** PROBLEM TO WORK ON **
Starting at the line that contains "Maxwell mostra que", write out each line exactly through the last one in the material below, and nothing more; omit all pictures.

Start of RECORD EXTRACTS

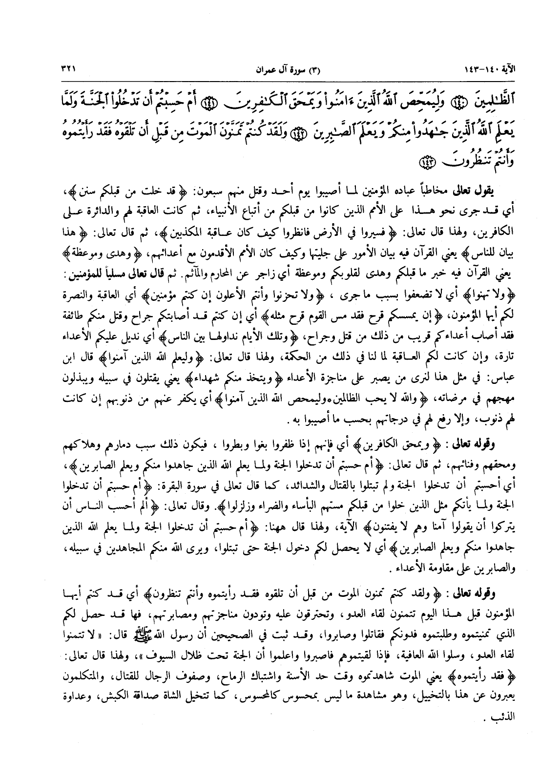 يَقُولُ تَعَالَى مُخَاطِبًا عباده المؤمنين لما أُصِيبُوا يَوْمَ أُحُدٍ وَقُتِلَ مِنْهُمْ سَبْعُونَ: {قَدْ خَلَتْ مِن قَبْلِكُمْ سُنَنٌ}، أَيْ قَدْ جَرَى نَحْوَ هَذَا عَلَى الْأُمَمِ الَّذِينَ كَانُواْ مِن قَبْلِكُمْ مِنْ أَتْبَاعِ الْأَنْبِيَاءِ، ثُمَّ كَانَتِ الْعَاقِبَةُ لهم والدائرة على الكافرين، ولهذا قال تعالى: {فَسِيرُواْ فِي الْأَرْضِ فَانْظُرُوا كَيْفَ كَانَ عَاقِبَةُ المكذبين}، ثم قال تعالى: {هَذَا بَيَانٌ لِّلنَّاسِ} يَعْنِي الْقُرْآنَ فِيهِ بَيَانٌ الأمور عَلَى جَلِيَّتِهَا وَكَيْفَ كَانَ الْأُمَمُ الْأَقْدَمُونَ مَعَ أَعْدَائِهِمْ، {وَهُدًى وَمَوْعِظَةٌ} يَعْنِي الْقُرْآنَ فِيهِ خَبَرُ ما قبلكم وهدى لقلوبكم وموعظة أَيْ زَاجِرٌ عَنِ الْمَحَارِمِ وَالْمَآثِمِ. ثُمَّ قَالَ تعالى مُسَلِّيًا لِلْمُؤْمِنِينَ: {وَلاَ تَهِنُوا} أَيْ لَا تَضْعُفُوا بِسَبَبِ مَا جَرَى، {وَلاَ تَحْزَنُوا وَأَنْتُمُ الأَعْلَوْنَ إِنْ كُنْتُمْ مُؤْمِنِينَ} أَيِ الْعَاقِبَةُ وَالنُّصْرَةُ لَكُمْ أَيُّهَا الْمُؤْمِنُونَ، {إِنْ يَمْسَسْكُمْ قَرْحٌ فَقَدْ مَسَّ الْقَوْمَ قَرْحٌ مِّثْلُهُ} أَيْ إِنْ كُنْتُمْ قَدْ أصبتكم جراح وقتل منكم طائفة فقد أصاب أعدائكم قَرِيبٌ مِنْ ذَلِكَ مِنْ قَتْلٍ وَجِرَاحٍ، {وَتِلْكَ الْأَيَّامُ نُدَاوِلُهَا بَيْنَ النَّاسِ} أَيْ نُدِيلُ عَلَيْكُمُ الأعداء تارة، وإن كانت لكم العاقبة لما لنا في ذلك من الحكمة، وَلِهَذَا قَالَ تَعَالَى: {وَلِيَعْلَمَ اللَّهُ الَّذِينَ آمَنُواْ} قَالَ ابْنُ عَبَّاسٍ: فِي مِثْلِ هَذَا لِنَرَى مَنْ يَصْبِرُ عَلَى مُنَاجَزَةِ الْأَعْدَاءِ {وَيَتَّخِذَ مِنكُمْ شُهَدَآءَ} يَعْنِي يُقْتَلُونَ فِي سَبِيلِهِ وَيَبْذُلُونَ مُهَجَهُمْ فِي مَرْضَاتِهِ، {وَاللَّهُ لاَ يُحِبُّ الظَّالِمِينَ* وَلِيُمَحِّصَ اللَّهُ الَّذِينَ آمَنُواْ} أَيْ يكفِّر عَنْهُمْ مِنْ ذنوبهم إن كانت لَهُمْ ذُنُوبٌ، وَإِلَّا رُفِعَ لَهُمْ فِي دَرَجَاتِهِمْ بحسب ما أصيبوا به.
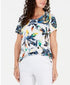 JM Collection Women's Printed Scoop Neck Top White Size Small
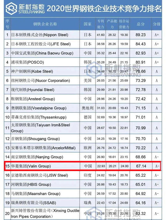 8月3日,新材指数(SteelRanking)正式发布2020世界钢铁企业技术竞争力分级评价排名。全球共有50家钢铁企业入围,其中31家中国企业,19家外国企业,华菱集团以总分67.14位列第15名。
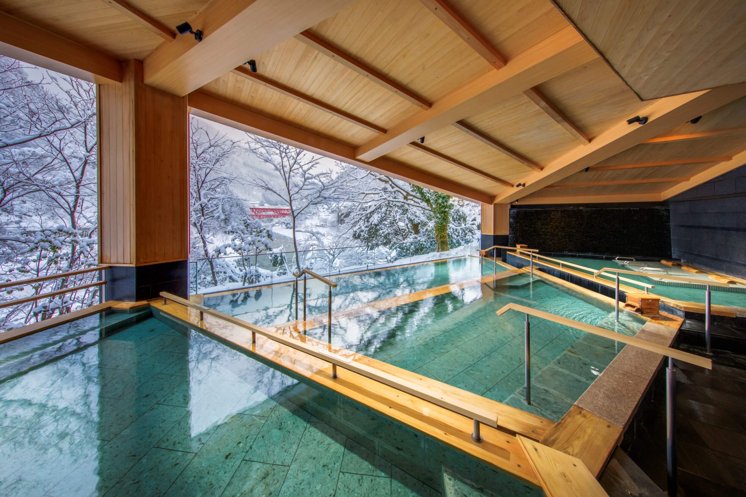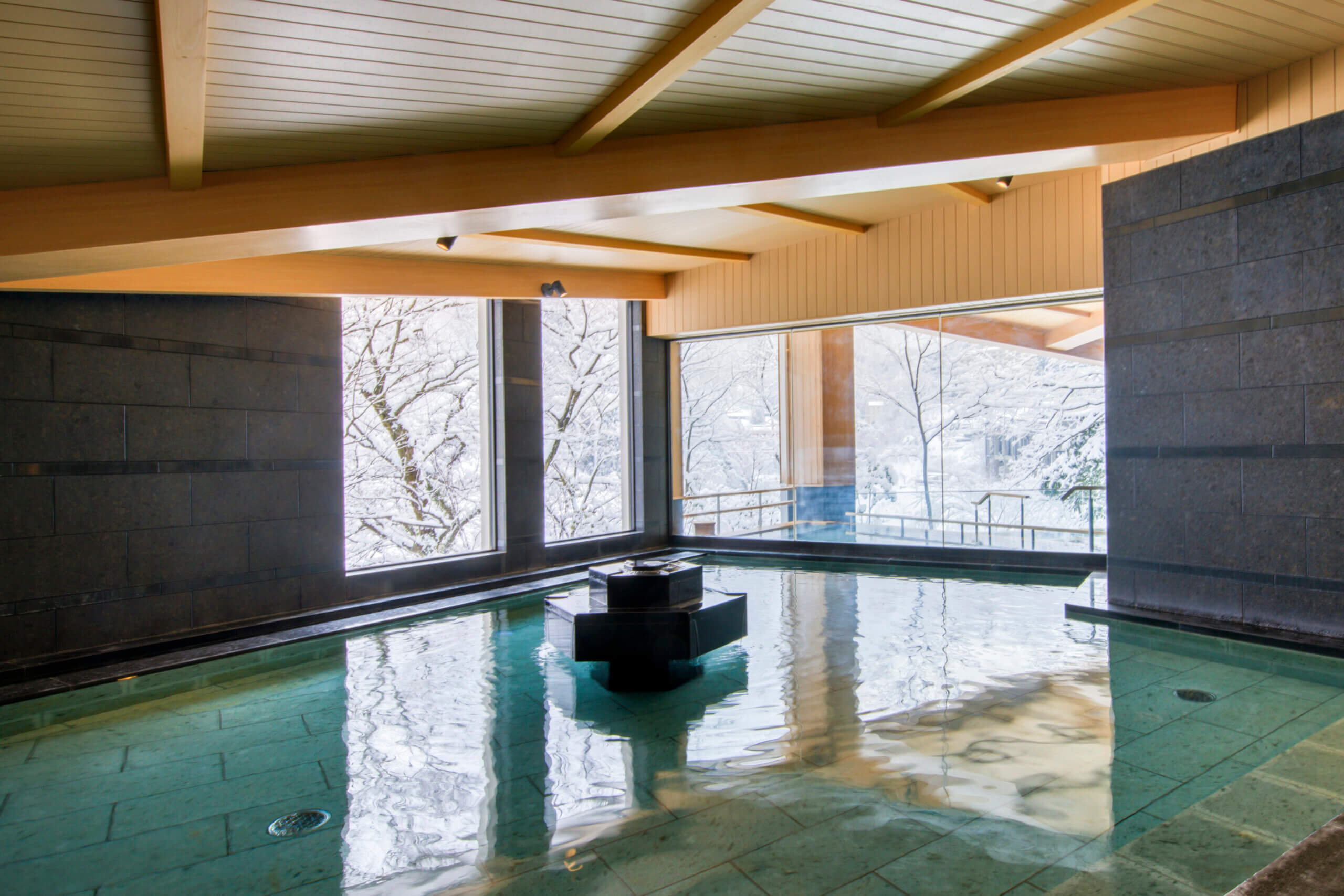 湯量豊富な宇奈月温泉。大きな浴槽にたっぷりと湯を湛えた湯船につかり四季折々の眺めを臨む至福。「つべつべ」美肌の湯で心身ともにリラックスください。
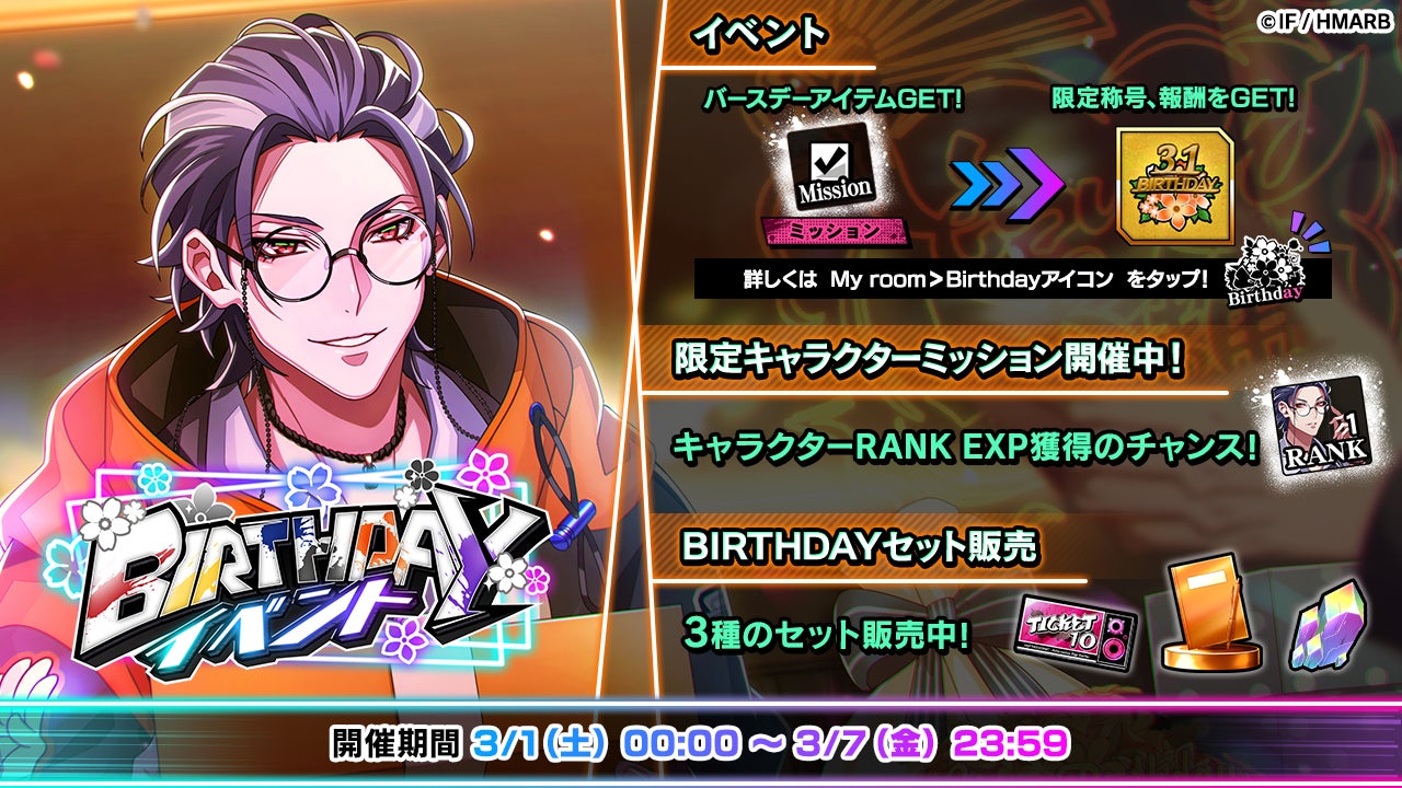 躑躅森盧笙の誕生日を記念し、「SSR【バースデー2024】躑躅森盧笙」を獲得することができるGコレクトや、限定称号やアイテムを獲得できるイベントなどを開催しています。
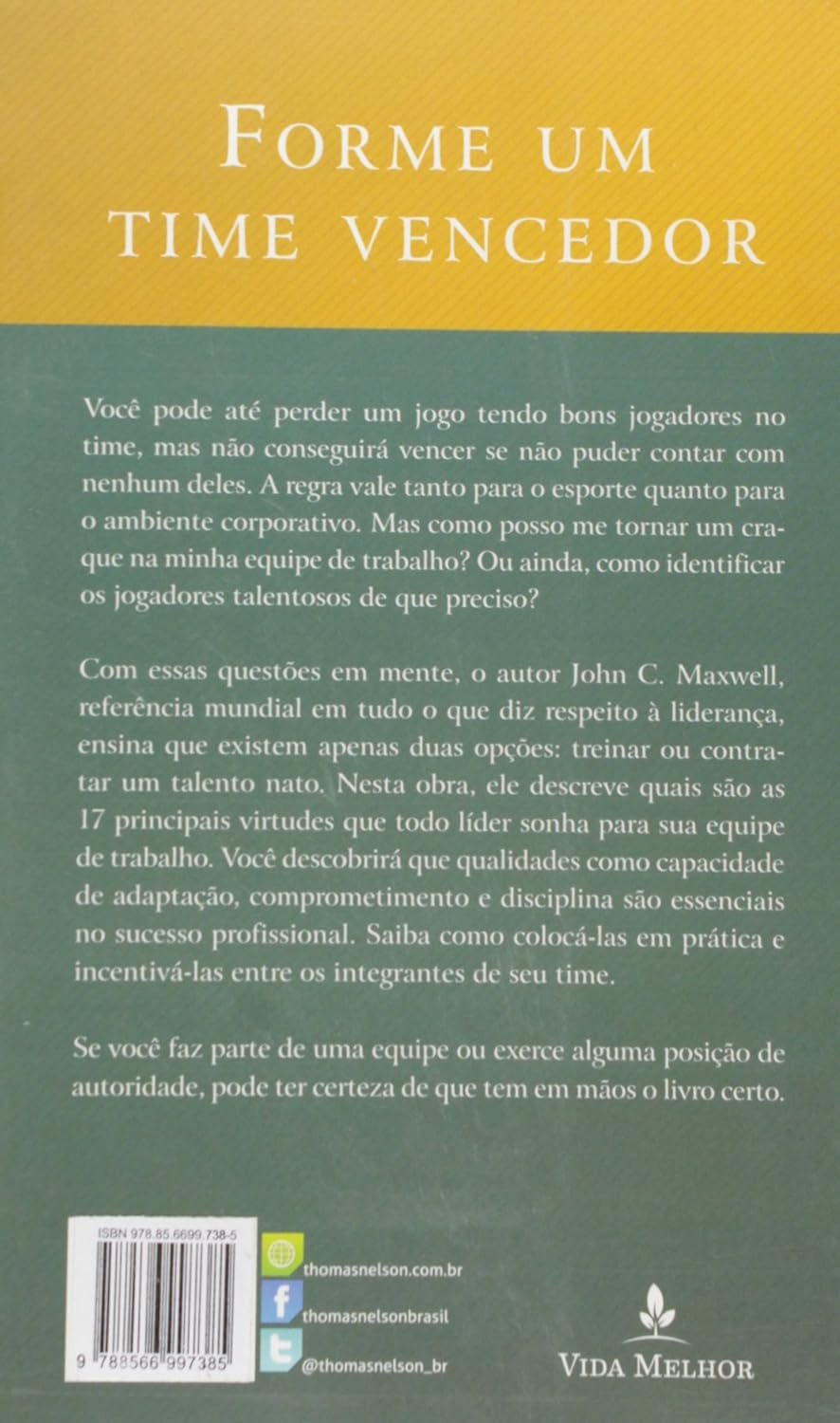 Maxwell mostra que nenhum líder alcança grandes conquistas sozinho, e que uma equipe alinhada, engajada e bem conduzida é capaz de superar obstáculos aparentemente impossíveis. O livro também convida o leitor a refletir sobre seu papel na equipe: será que você está somando ou bloqueando o progresso coletivo?
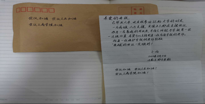 3月6日,后期管理部徐继安收到了这份情义无价的捐赠。小小的口罩,不仅彰显着校友“小白”的武汉工商“大爱”情义。我们坚信,在政府和学校的坚强领导和全体工商人的共同努力下,一定能够打赢这场疫情防控阻击战!
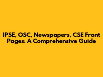 IPSE, OSC, Newspapers, CSE Front Pages: A Comprehensive Guide

End of RECORD EXTRACTS

** SOLUTION BELOW **
 Maxwell mostra que nenhum líder alcança grandes conquistas sozinho, e que uma equipe alinhada, engajada e bem conduzida é capaz de superar obstáculos aparentemente impossíveis. O livro também convida o leitor a refletir sobre seu papel na equipe: será que você está somando ou bloqueando o progresso coletivo?
 3月6日,后期管理部徐继安收到了这份情义无价的捐赠。小小的口罩,不仅彰显着校友“小白”的武汉工商“大爱”情义。我们坚信,在政府和学校的坚强领导和全体工商人的共同努力下,一定能够打赢这场疫情防控阻击战!
 IPSE, OSC, Newspapers, CSE Front Pages: A Comprehensive Guide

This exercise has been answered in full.